Fairy Tales for Our Times

Anyone who shares my interest in fairy tales might want to check out this article. I’ve come across Jack Zipes’s name a few times before. I know he edited a collection of fairy tales through the years (starting with “Cupid and Psyche” and continuing into the twentieth century) that I read (although I can’t remember if I ever finished it), and I seem to recall seeing a mention that he joined the International Wizard of Oz Club the same year I did (1993). The collection included an L. Frank Baum story, “The Queen of Quok,” so he’s presumably a fellow Baum fan.

Picture by AudioErf on DeviantArt

Anyway, Zipes’s mention of how fairy tales have been adapted into multiple media reminds me of another topic I wanted to address, which is whether video games can count as fairy tales. Not all of them, obviously, but many of my favorites are along those lines. Look at the Super Mario Bros. series, for instance. It’s a quest tale with the hero having to battle a monster in order to rescue a princess, and receiving supernatural assistance along the way.

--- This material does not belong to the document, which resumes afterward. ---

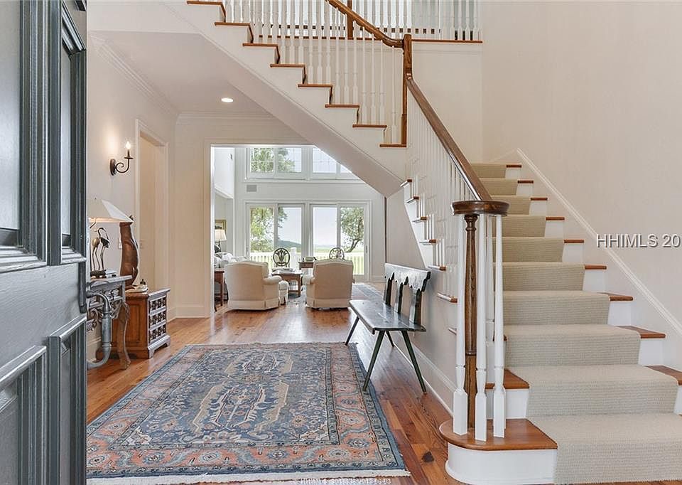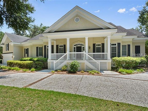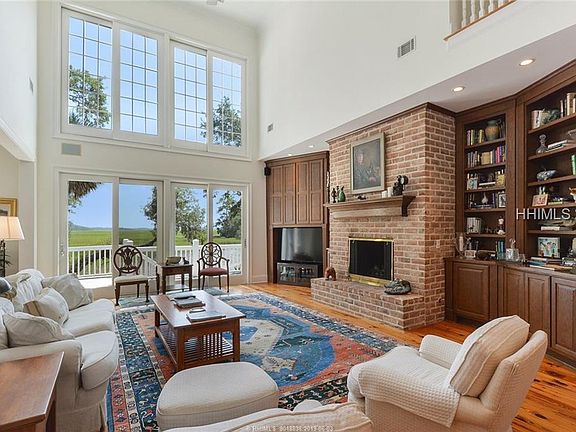 This beautiful Colleton River home goes on and on with 4 bedrooms and 5 1/2 baths. Hardwood floors, brick fireplace in the living room, office, white kitchen cabinets, breakfast area, granite & stainless steel appliances. Wet bar, sun room, great room is a wall of windows with beautiful marsh views. Situated on a peninsula with fenced in back yard and upper & lower deck. Very private .60 acre home site at the end of Stoney Park Lane. The long marsh views are just spectacular! 2019 Association fee is $19,800.
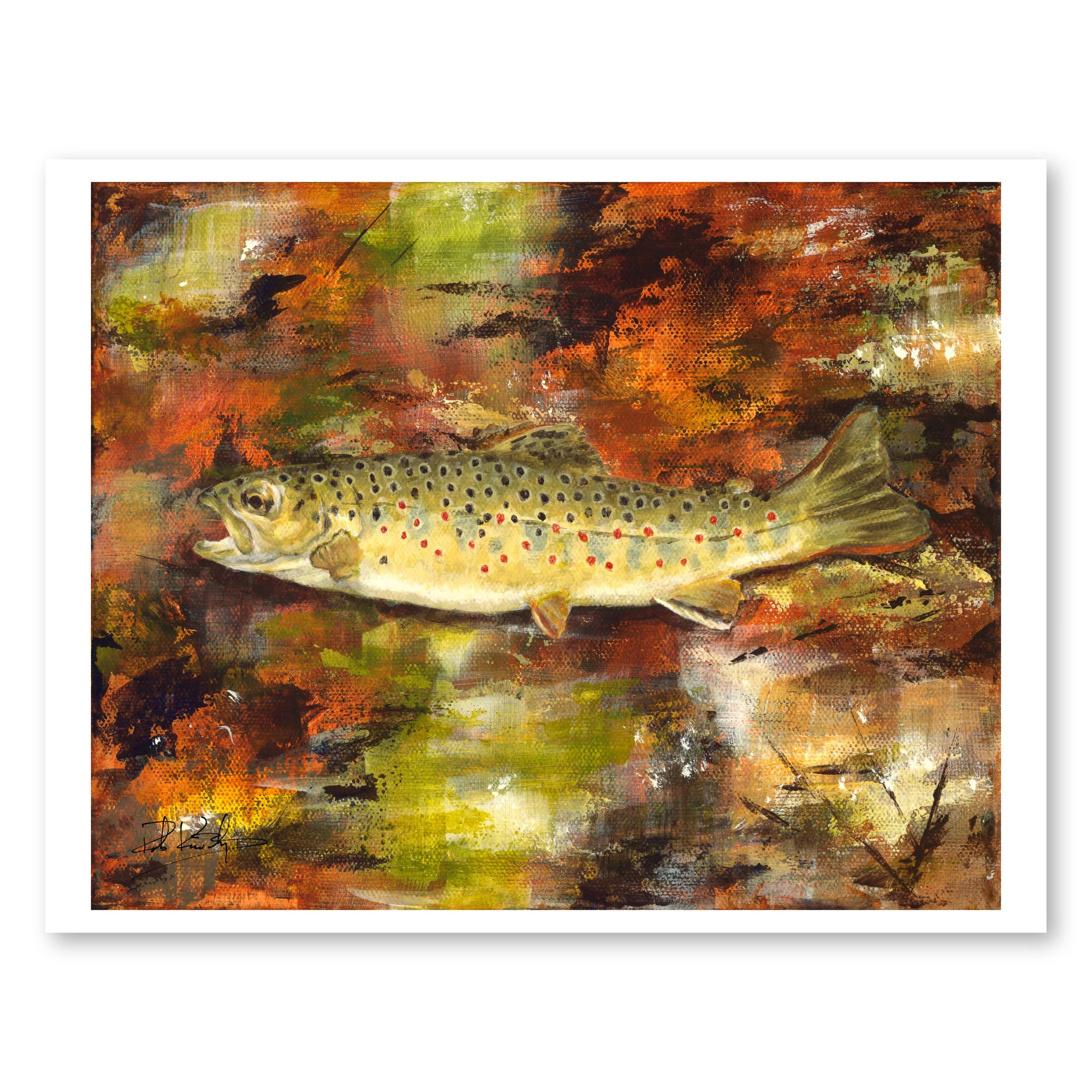 I love the intricate markings of the wild brown trout in the Smokies. This painting has background colors and an abstract pattern inspired by the photo I took of this guy. The trout gets a more detailed treatment, especially up near the head.

The main archetypes are all there. Even Mario and Luigi being plumbers fits with those tales that involve peasants coming up in the world through a series of tasks. I don’t really see the Mario games as addressing any real-life issues, in the way that Zipes points out fairy tales often do, but I don’t know that this is a totally necessary element of the genre anyway. Besides, there are other video game series that really do deal with actual issues, so it’s not like that’s impossible with the game format. It could just be that I’m attracted to games that use that format because I’ve always been interested in fantasy and fairy stories. It’s not like shoot-’em-ups and sports games generally have these elements, and they’ve remained consistently popular throughout the history of electronic games. On the other hand, it’s not like fantasy-based series like Mario and Zelda are at all obscure, either.

So, what do you think of this idea? Roger Ebert has claimed that video games can’t be art, but art is a tricky subject. What about their being fairy tales for the modern generation (roughly speaking)?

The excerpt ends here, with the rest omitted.